Saturday, December 04, 2004

A Long Time Coming

Doing the shoe-game from an admin position this year was awsome.
I learned a lot about myself, about teaching, about where i've come in commerce, and where i came from. I can look back and see that I learned a LOT.

In terms of actual learnign in class however this semester, i learned Squat.
I can remmeber that i downloaded A LOT of movies, a LOT of music, and basically checked email etc etc etc.

So, now i sit here with 2 take home exams, and 3 major term finals. In 10 days.
That's all that is between me and norway really.


Except that I really hoenstly must learn 1 ENTIRE course,
I must read the readings for 2 ENTIRE courses --> ACK!
I must also learn to apply and make sick ass notes for my Law class which im doing poorly in.
And then there is the most random class ever, which i learned a lot in, but MAN O MAN do i hate research papers.

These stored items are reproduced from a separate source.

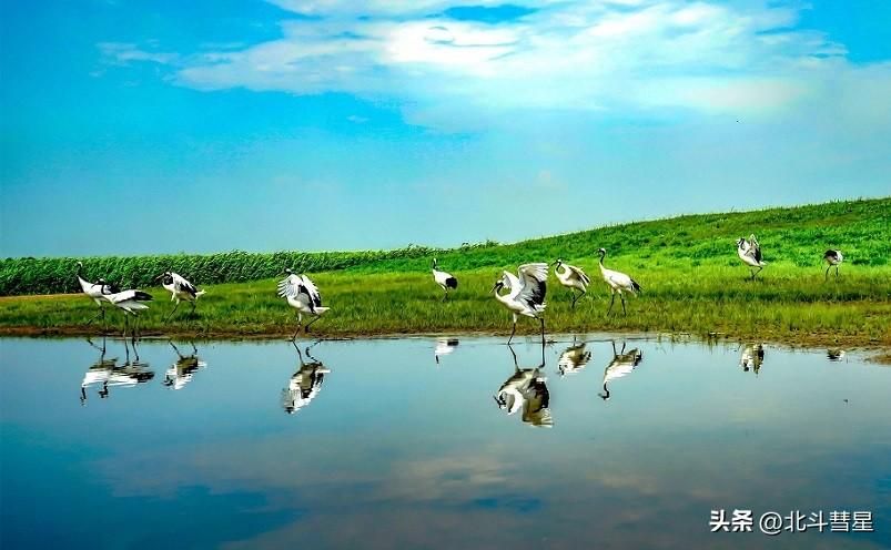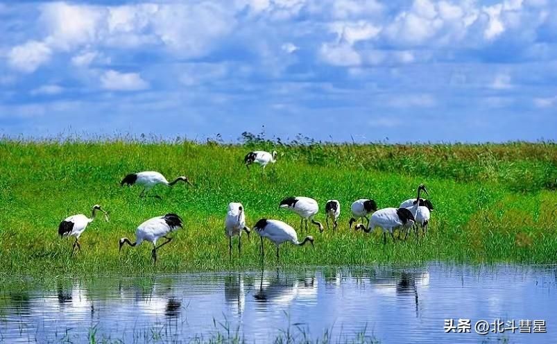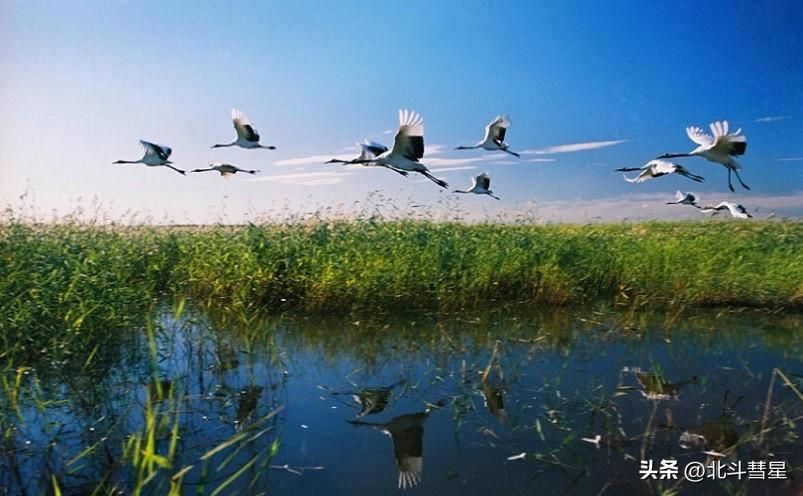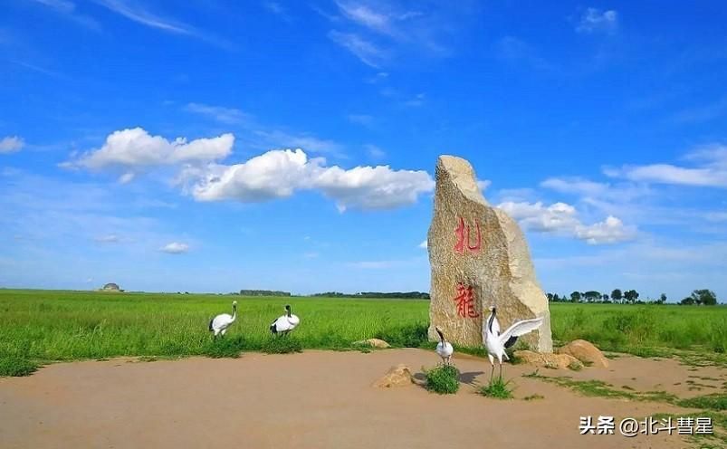 扎龙湿地,湖泊星罗棋布,河道纵横,水质清澈,苇草肥美,以鹤类等珍稀水禽为主,是世界上最大的丹顶鹤栖息地,被誉为候鸟和水禽的“天然乐园”,素有“鹤的故乡”之美誉。
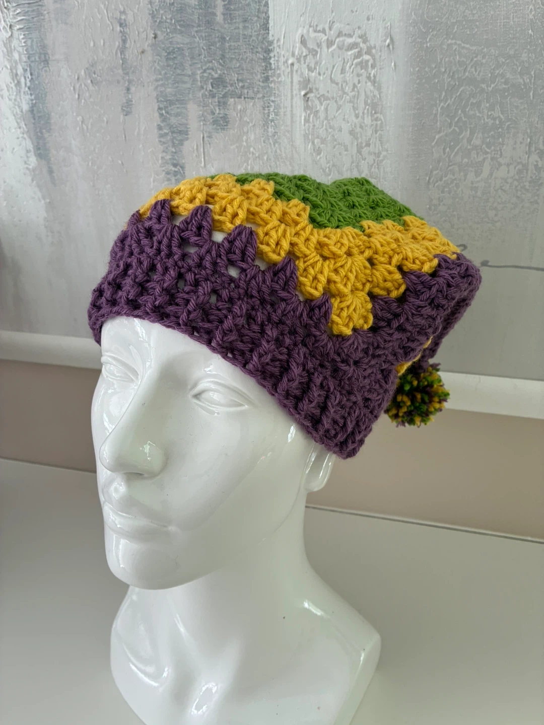 This is a handmade crochet jester hat in Mardi Gras colours. It features two matching pom poms on the sides. It's a cozy and stylish accessory!
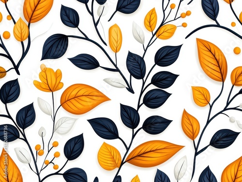 Fototapeta premium Vibrant autumn foliage pattern featuring colorful leaves and berries on a...
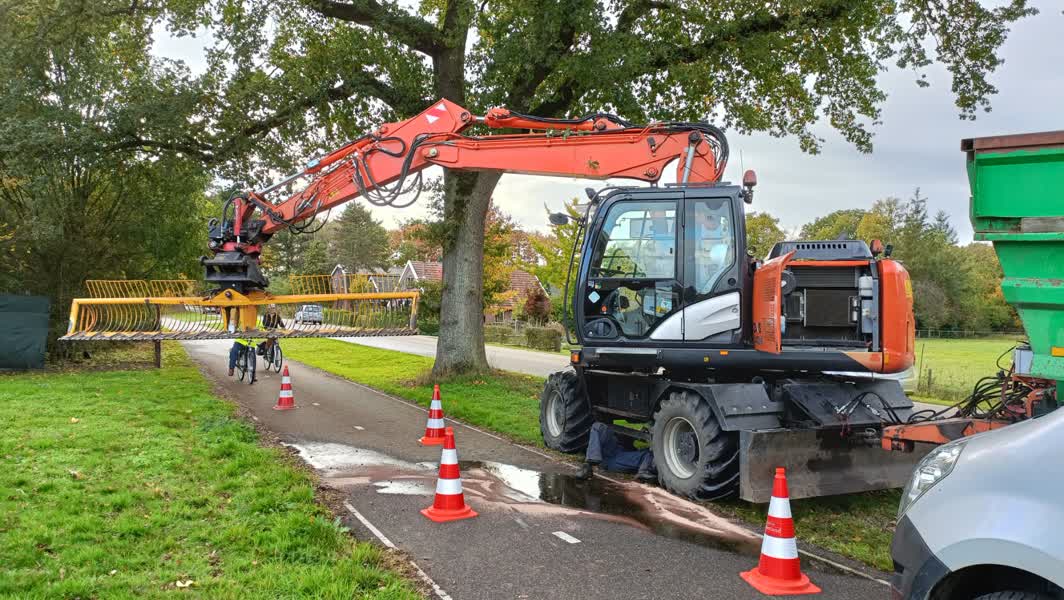 Een mobiele kraan heeft maandagmiddag olie gelekt in Aalten. De berm waar een deel van de olie in terecht is gekomen, moet worden uitgegraven.
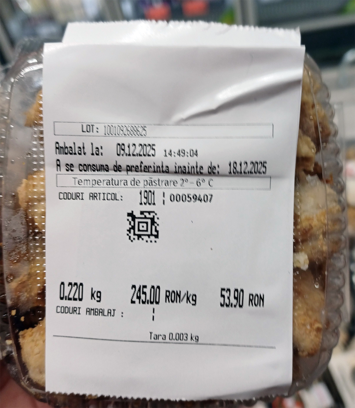 Cum se vede în fotografie, acest produl de lux, nici măcar nu poate fi consumat de Crăciun, recomandările producătorului fiind să-l executăm în plin post.
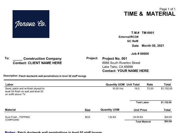 Simple Extra Work Order Ticket Template T M Template Handyman Time
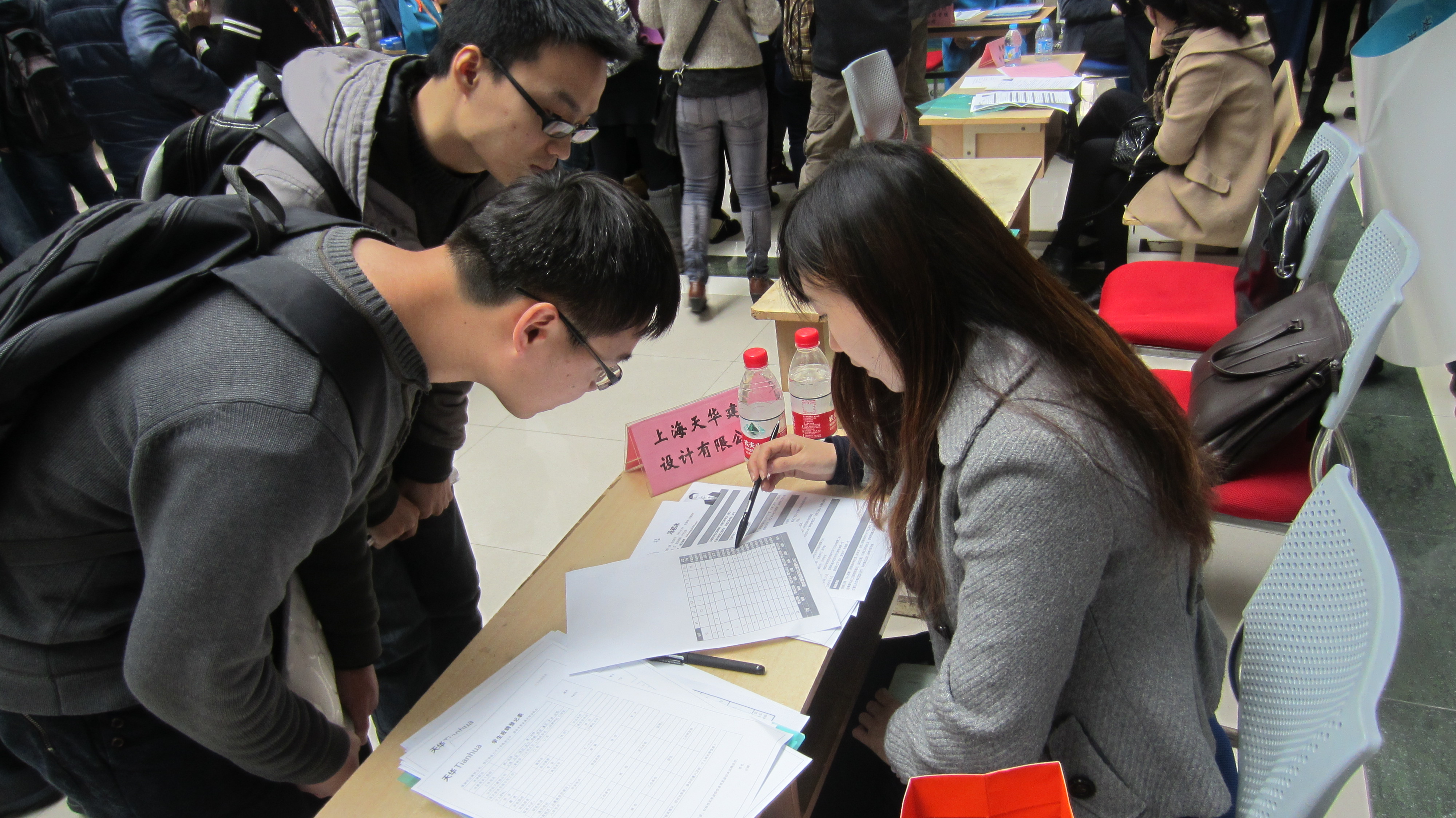 招聘会当天,学生们便早早地到场,比照着单位名单甄选自己所感兴趣的职位。不多时,环境学院大厅已人声鼎沸、热闹非凡。学生们有序地排起了长队,自信而礼貌地向企业推荐着自己,并通过与招聘专员的交流,了解公司情况、工作要求、职业规划等方面内容。有的学生不仅手持简历,也穿上了一身正装以表郑重;有的学生谈吐大方,和招聘单位侃侃而谈,进行着愉快的交流;也有学生在各个单位之前徘徊,紧张而谨慎……会场上不仅有2015届毕业生,研二、大三“学弟学妹”的身影也穿梭在其中,为自己争取实习岗位,提前开始了对就业市场的“试水”,为自己一年后的就业打前站,针对就业市场开展“自我调研”。

So thats what im up to, I promised Dave a blog, but i owe you guys a whole lot more.
Lots of family trauma on the kingston front.
A little drama on the markham front.
And a GREAT conversation with stew, as part of one of my leadership projects.

I also made a concious effort to stay in touch with Mike chien this semester.
went to his cell group stuff like 3 times this semester. Tongith being a gift-exchange and cookie bakeing and apples to apples night of fun.

I feel as if i can really TRULY talk to seven people in my life now. honestly
Andy (tho its sometimes hard because he is so frikken horny)
Stew (i still look up to him)
Rob (It's interesting how our friendship rollercoasters, lets say this is an "up")
Dave (Never been closer, tho id like to see whats going on in Guelph first hand :P )
Cameron ( Truly a guy i can't understand, but relate to immensly)
Bryan ( A rich kid, but a good one)
Alex ( Helps me chill out)

So you all are who im leaving as i go to Norway and hopefully "find myself".

The girl thing prolly won't work out, but i shot myself in the foot anyways.

I didn't just procrastinate this semester, I truly just didn't work hard at all, I thought i did, but i really don't think i did. I'm pretty sure i can "once again" pull these exams off, but its not going to be pretty, and it's not going to be much fun and it's not going to be a good result, just a fair one.

And yet all semester i've been preaching that i'm ok with mediocracy,
I've been preaching, studying SMART, not hard.
But i didn't even study SMART, and i didn't study hard.
Bad combo.

I at least know that Andy prolly studied HARD, and i hope smart. I hope it works out!

Ok, thats my thoughts. Honestly, i shoulda blogged a while ago, i dunno why i didn't.
I dont know what happened this semester. I gotta so some serious reflection.
And i gotta get back into a more ACTIVE lifestyle, not just playing sports.

But then agian .. thats prolly been the highlight of the semester.
Winning MENS ultimate frisbee.
Losing in semi-s of Innertube waterpolo.

And just all around having a DAMN good time. I just feel as if maybe i pushed that a little to far this time.

Don't forget i didn't score a summer job, so im just gonna waste more time/money abroad.
And i want to go a mess around. I just need to feel that i deserve to.